WORK INSTRUCTIONS:
All of the data that follows should be retyped exactly, please, except the pictures.

COLLECTED MATERIAL:
───

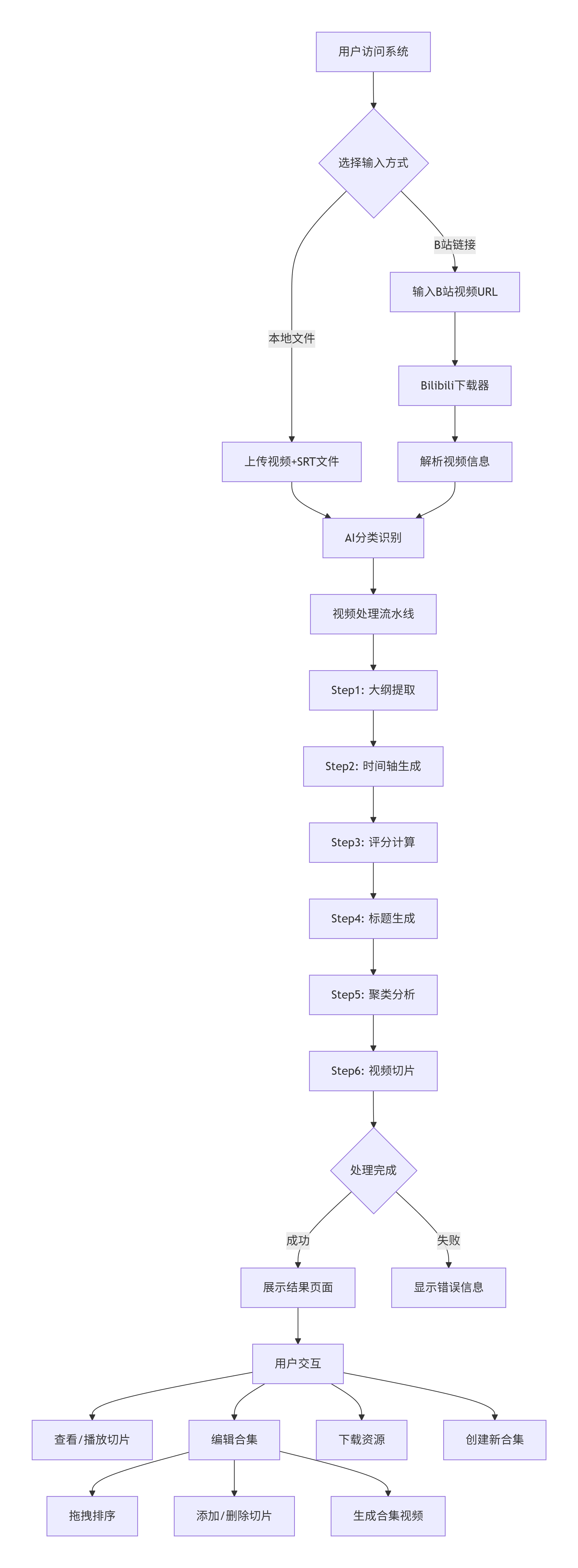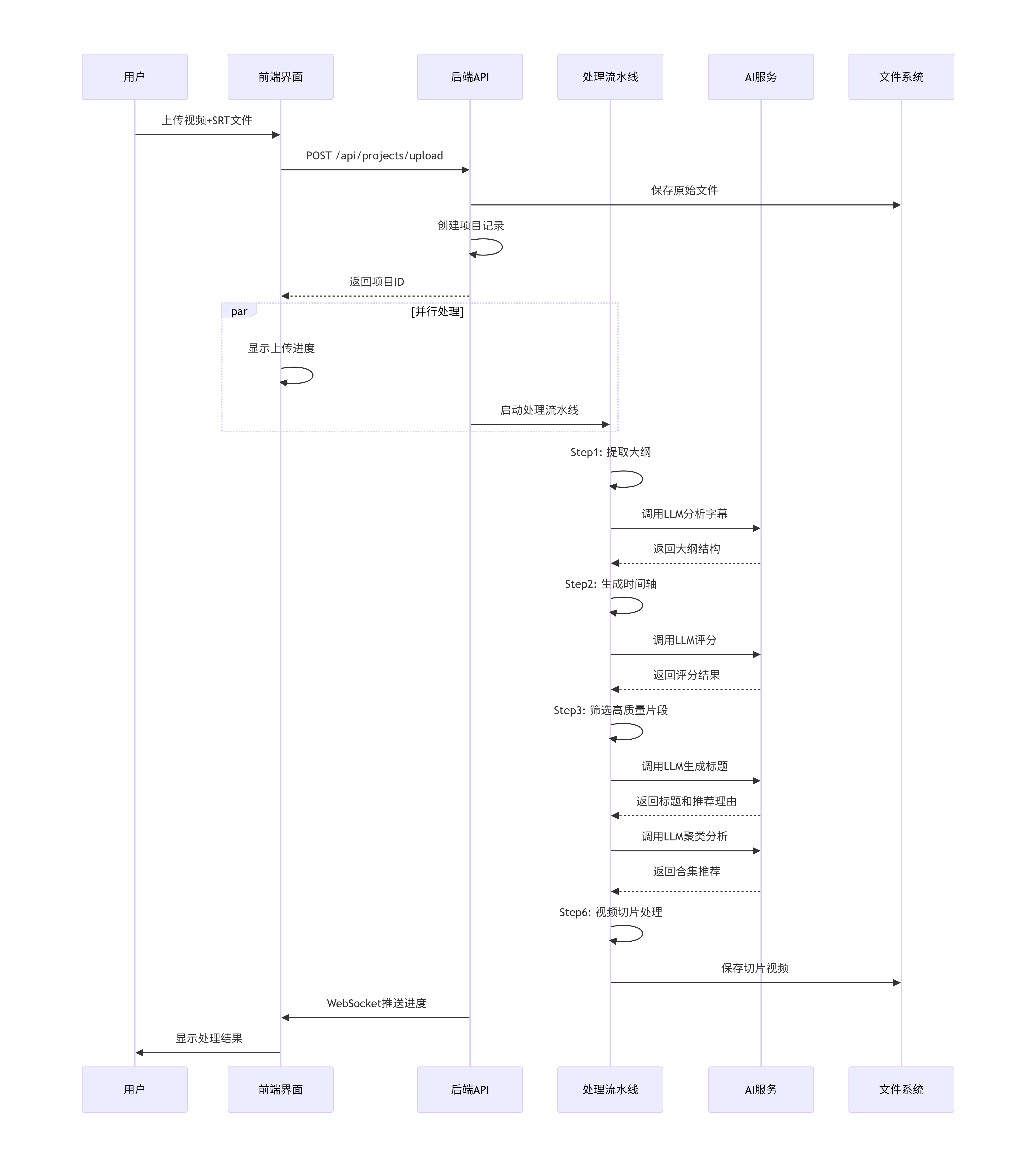 这个架构展示了AutoClip从视频输入到智能切片输出的完整流程,涵盖了用户交互、后台处理、AI分析和文件操作等多个维度
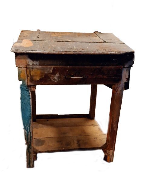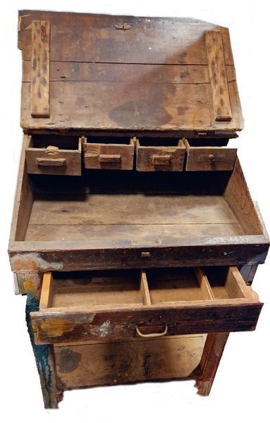 Rechthoekige houten lessenaar met schuin aflopend schrijfvlak dat tevens dient als afsluitbaar deksel van de opbergruimte onder het schrijfvlak. Het deksel is met twee opliggende scharnieren bevestigd. Achterin de opbergruimte bevinden zich vier laatjes, waarvan één met een bakelieten knopje als handvat. De andere laatjes hebben houten handgreepjes.. Onder de opbergruimte bevindt zich een afsluitbare ...
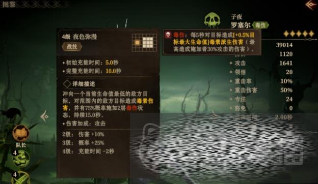 作为罗赛尔的核心输出技能之一,夜色弥漫可以锁定场上血量最低的敌人,并以其为中心造成范围性毒素打击。不仅如此,被波及的目标还有一定几率陷入毒伤状态。这一技能在多敌人的情况下,能够让罗赛尔快速切换目标,从而在战场上灵活应对多种局面,减轻队友的输出压力。
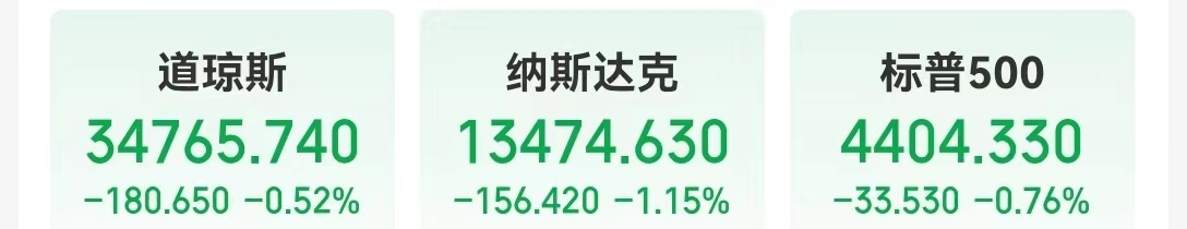 二级市场上,美股三大指数集体收跌,纳指跌1.15%,标普500指数跌0.76%,道指跌0.52%。

───

TASK ANSWER:
 这个架构展示了AutoClip从视频输入到智能切片输出的完整流程,涵盖了用户交互、后台处理、AI分析和文件操作等多个维度
 Rechthoekige houten lessenaar met schuin aflopend schrijfvlak dat tevens dient als afsluitbaar deksel van de opbergruimte onder het schrijfvlak. Het deksel is met twee opliggende scharnieren bevestigd. Achterin de opbergruimte bevinden zich vier laatjes, waarvan één met een bakelieten knopje als handvat. De andere laatjes hebben houten handgreepjes.. Onder de opbergruimte bevindt zich een afsluitbare ...
 作为罗赛尔的核心输出技能之一,夜色弥漫可以锁定场上血量最低的敌人,并以其为中心造成范围性毒素打击。不仅如此,被波及的目标还有一定几率陷入毒伤状态。这一技能在多敌人的情况下,能够让罗赛尔快速切换目标,从而在战场上灵活应对多种局面,减轻队友的输出压力。
 二级市场上,美股三大指数集体收跌,纳指跌1.15%,标普500指数跌0.76%,道指跌0.52%。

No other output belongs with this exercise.